Today Iran is a country marred by instances of human rights abuses against its own people.Earlier this month two Iranian poets were added to the long list of people wronged by the state. Fatemeh Ekhtesari, an obstetrician and Mehdi Mousavi a doctor, were sentenced by the Tehran Revolutionary court eleven and a half years and nine years in prison respectively on charges which include ‘insulting the sacred’, ‘propaganda against the state’ and ‘publishing unauthorized content’. This ruling has been criticized and denounced by human rights groups all over the world.  The two poets were arrested in 2013 and placed in solitary confinement. It is believed that Ekhtesari and Mousavi were forced into confessing as both have denied the allegations in court.

As hardliners in Iran gain precedence over the masses, this case is yet another example of the highly suffocated society that Iran is turning into. Ekhtesari’s and Mousavi’s writings were published under the watchful eye of the Ministry Of Islamic Guidance. Had there been any controversial elements in their literature coming under the sphere of blasphemy, the books would not be published in the first place. Mousavi and Ekhtesari in fact highlighted the social issues festering in the Iranian Society in their poetry – something that seems to be a crime in the country. Adding further insult to injury, the two have also been sentenced to flogging ninety nine times each for shaking hands with na-mehram people or  ‘having illegitimate sexual relationship short of adultery’.

 Iran has a rich literary culture and has given the world poets like Saadi Shirazi, Khayyám Ney-Shapuri, Ferdowsi and Hafez. Seeing two poets flogged just for shaking hands with people of the opposite sex is mindboggling and simply painful. These sentences were meant to warn the people to stay away from any sort of dissent against the state-a message that was loud and clear. This year, more than seven hundred people were sent to the gallows. If this trend continues, more than a thousand people would be hanged in Iran this year alone. With many questions being raised against the judicial system working in the country, it is easy to entertain the notion that a lot of these people, if not the majority, were innocent or persecuted wrongly.

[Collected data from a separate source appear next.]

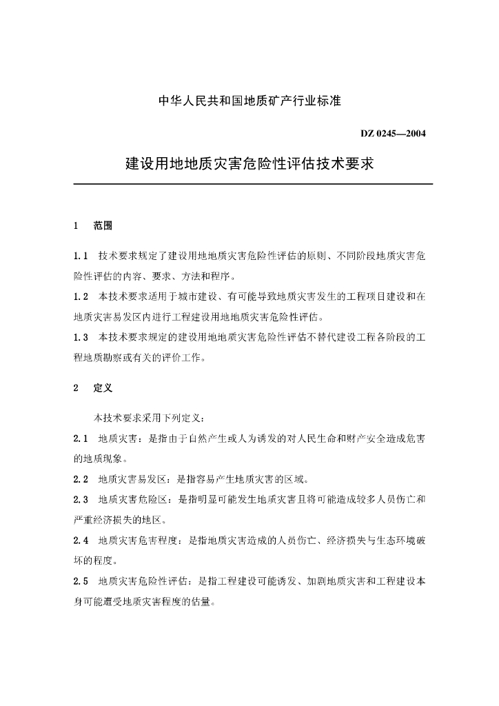 DZ 0245-2004 建设用地地质灾害危险性评估技术要求
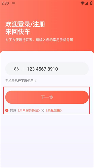 1、进入来回快车的登录注册页面,看到手机号输入框,准备填写常用手机号码。
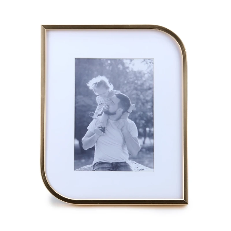 Sleek and understated, this Gold Metal Modern Picture Frame turns any photo into a charming display. It makes the perfect accent for contemporary spaces! Frame measures 8.3L x 0.73W x 10.3H in. Crafted of aluminum and glass Brushed gold finish Thin frame with two round corners and two pointed corners Holds one (1) 5x7 photo Easel back for tabletop display Care: Dust with a soft, dry cloth. Contact your local Kirkland's store for availability. Quantities and selection may vary by location. WARNING: Cancer and Reproductive Harm - For more information go to www.P65Warnings.ca.gov .
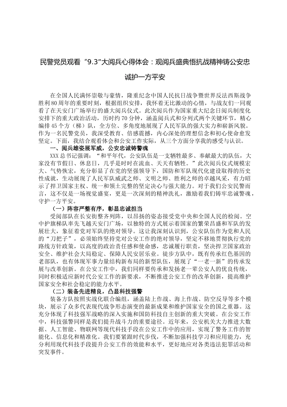 民警黨員觀看“9.3”大閱兵心得體會(huì):觀閱兵盛典悟抗戰(zhàn)精神鑄公安忠誠(chéng)護(hù)一方平安在全國(guó)人民滿懷崇敬與豪情,隆重紀(jì)念中國(guó)人民抗日戰(zhàn)爭(zhēng)暨世界反法西斯戰(zhàn)爭(zhēng)勝利80周年的重要時(shí)刻,根據(jù)組織安排,我懷著無(wú)比激動(dòng)的心情,與戰(zhàn)友們一同觀看了在天安門廣場(chǎng)舉行的盛大閱兵儀式。此次閱兵作為國(guó)家重大紀(jì)念日閱兵制度化安排下的重大政治活動(dòng),歷時(shí)約70分鐘,涵蓋閱兵式和分列式兩個(gè)關(guān)鍵環(huán)節(jié),精心編排45個(gè)方(梯)隊(duì),全方位、多角度地展現(xiàn)了人民軍隊(duì)的強(qiáng)大實(shí)力和嶄新風(fēng)貌。作為一名民警黨員,我深受教育、倍感震撼,內(nèi)心深處的理想信念和初心使命愈發(fā)堅(jiān)定。下面,我結(jié)合觀看體會(huì)...

Nargis Mohammadi, a human rights activist, with a history of imprisonments due to her criticism of the Iranian regimes, was arrested again in May and still remains imprisoned. Jason Rezaian, a Washington Post journalist, faces up to twenty years in prison, having been convicted of espionage and other charges while fingers are being pointed at the legitimacy of the trial. Atena Farghadani, a cartoonist, was sentenced to twelve years and nine months in prison due to a cartoon she drew which portrayed the Iranian Parliament members as animals. The cartoon was in essence denouncing a draft law which suppressed the use of contraception. Keywan Karimi, a film maker was sentenced to six years in prison and 223 lashes for “insulting the sacred.”

With rampant cases of flogging and torture which includes the surgical removal of eyes and limbs and unfair trials, Iran is cultivating for itself a notorious reputation. Increasing number of men and women are being persecuted in the name of religion, imprisoned for decades and even hanged. As the government remains silent, such instances will only become more wanton. International pressure can only do so much, when the government itself breeds bigotry and extremism within the state. With the ongoing situation in Iran, one can only wonder how many lives will be required to satisfy the beast of hatred and intolerance. One can only dread where it will lead to, for unrest in Iran means danger for the whole region. So before people take the law in their own hands, it is of paramount importance that the state provides them with a judicial system which is true and fair in all its essence. One wonders why our governments and leaders can’t accept the fact that the masses are individuals with ears that listen, eyes that see and minds that understand. They cannot be conditioned into acting in a certain way-not forever.